PRESS RELEASE
There’s a mound at the centre of Arnold Circus, within which lies the compressed remains of the infamous neighbourhood “Old Nichol”, demolished 133 years ago.
The surviving written descriptions reveal a middle-class horror. Writing from the outside, they see only what is missing. No air, no light, no room.
Inside the mound, objects once called ‘bricks’, ‘wet plaster’, ‘marbles’, ‘bones’, ‘trouser pockets’ have long lost their edges. Space and light have been eradicated: a gradient of air and moisture extending far down beyond our reach, roots wriggling through all.
_
5000 years ago a burial mound at Newgrange in Ireland was built so that once a year, on the longest day of the year, sunlight enters a small aperture above the sealed-off door.
The shaft of light creeps across the surface of the stone walls, drawing a line through space, illuminating deep into the mound’s dark interior. A volume described through movement, edges appear.
_
A room is just one hollow in a series of nested hollows. A wall is less surface and more volume.
Plywood made from spiral-carving a (round) tree trunk then flattening and glueing, then cut into rectangular sheets for making kitchens, wardrobes, shelves.

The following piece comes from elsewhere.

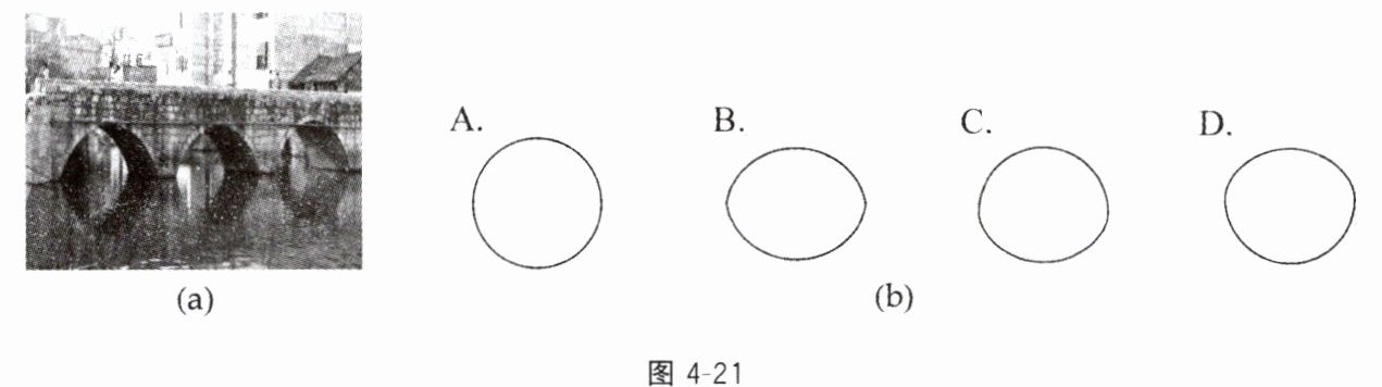 3. 如图4-21(a)所示,平静的水面上有一座石桥,桥孔看上去是圆形的。当水面上升时,看到桥孔的形状是图(b)中的(

Offcuts from cabinet-makers, as well as bought and found wood scraps.
Construction that reveals its process, delineating a set of volumes, leaking light and air, an outside flipped.
A line, a curve, a slot, a groove, a wedge. All these actions usually leading to ‘function’, here, ‘idle’ windows.
_
Midwinter in London, narrowing the entryway of the already narrow daylight.
[The windows in this building were not made for us to see out, but for the (silk) workers inside to see more clearly inside and thus work more efficiently.]
Dark adaptation from the LED glare. Things appear through slowing, staying.
– Isabel Mallet
Isabel Mallet (b.1989 Starkville, Mississippi) graduated from Bard College (2019) and lives and works in New York. Selected solo projects include: Isabel Mallet, Ilenia, London (2024); Isabel Mallet, In Practice, Sculpture Center, NY (2023); Compression & the song, TACO!, London (2021); Honeymoon, Lima Zulu, London (2017) and building-dwelling, making-thinking, Gillett Square Studios, London (2015). Selected group and collaborative projects include: Taylor Davis Selects: Invisible Ground of Sympathy, ICA Boston (2023); Real Time, Seventeen Gallery, London (2019); Rough Magic, Zona Mista, London, with Sophie Lee (2018); A Breath Cast in Yr Reflection, c3, The Abbotsford Convent, Melbourne (2017); AUX, Chalton Gallery, London (2016) and Maudlin Ecstasy, Fat Relic, London (2015).
Awards, grants and residencies include: Rupert residency, Lithuania (2023); Artquest Peer Forum at Camden Arts Centre (2016); The Elephant Trust grant recipient for ‘building-dwelling, making-thinking’ (2015); Troy Town Art Pottery Residency, London (2014) and The Beautifullest Place on Earth residency at William Morris’ Red House, Bexleyheath, London (2014).